I care.  I care about a great many things.  Some might say I care too much.  It is not a point I will argue.  Caring has its price, at time that price is high, but it has its rewards as well.  Surely I am disappointed…regularly.  Surely loss strikes me as hard as others.  But I cannot imagine going through life and NOT caring.  You see it is part of who I am.  Blended within that caring is a faith that promotes…caring.  For GOD loved the world….  Should I not try to love as well?
So I find myself in a mixed up world looking for answers, and knowing that world does not understand me…really.  That within the who I am, I know a few answers…a few important answers.  Among them is, that there is a purpose even for someone like me.  That GOD placed me here for a reason…a reason I may be unable to fathom at this time, but a reason all the same.  Knowing these things and just a basic knowledge of my own personality helps me shape the direction I push myself.  I may think I am creating the person John V. is becoming, but I know better.  For I understand that I am the clay in the artist’s hand, being formed by my GOD into who I am.

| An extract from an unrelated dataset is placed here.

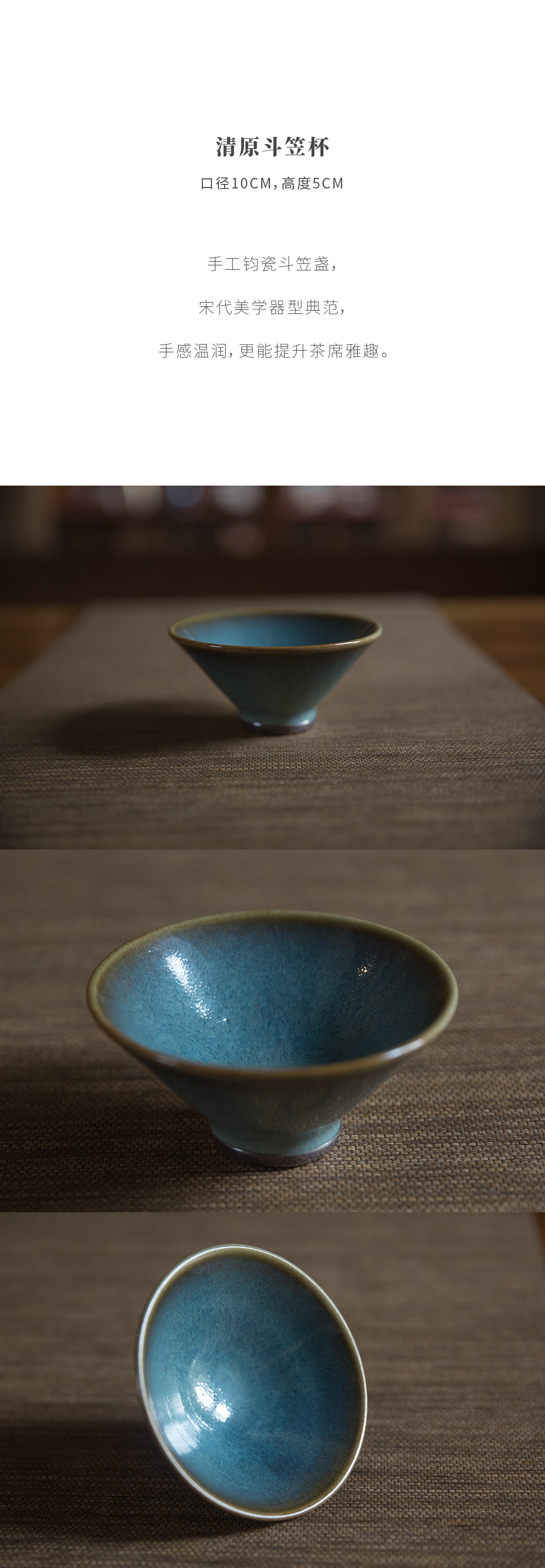 清原斗笠杯 一个 手工钧瓷斗笠盏,口径10cm高度5cm,宋代美学器型典范,手感温润,更能提升茶席雅趣。

(626 Words)         6-20-2017

Friday, December 1, 2017

Moving Toward the Unknown


Moving Toward the Unknown

By John W. Vander Velden 

The title I used this week fits life in general, but I use it in this post to speak of my newest endeavor.  In truth it is a trip I began in August of 2010 when the first words of a story made their way to the computer screen.  That’s when I began the story of Elizabeth Beck, the answer to a challenge my beloved made, “Your stories are so sad, can’t you come up with a happy one?”
Misty Creek is that story.  Not that it doesn’t have its share of sadness.  Light and dark are needed to make contrast.  That’s the photographer talking.  But I wrote Misty Creek for Jackie and it ran long, word count that is.  After the first series of revises I let her read it.  When she reached the end of Part 5 and said it could end there.  My editor disagrees.  But I saw her point and I split the story into two books.
In the final two revisions Misty Creek grew by twenty percent to a volume it became.  The second half, titled, Elizabeth’s Journey, calls for my attention.  I hope to begin a new revise of that book after New Year’s.
But for now I have a new uncharted territory to cover….publishing.  The ending of a long story is I’m self-publishing.  I found and am working with a wonderful organization from Charleston, SC.  The cover is designed and I could not be more pleased.  In just a few weeks I will see, perhaps digitally, the first proof copy.  The adrenalin is a pumpin’.  Then the game changes for I will have to be active, to some degree in marketing.  New experiences…unknown lands.
So wish me luck while I continue moving toward the unknown, and I’ll send a prayer your way as well.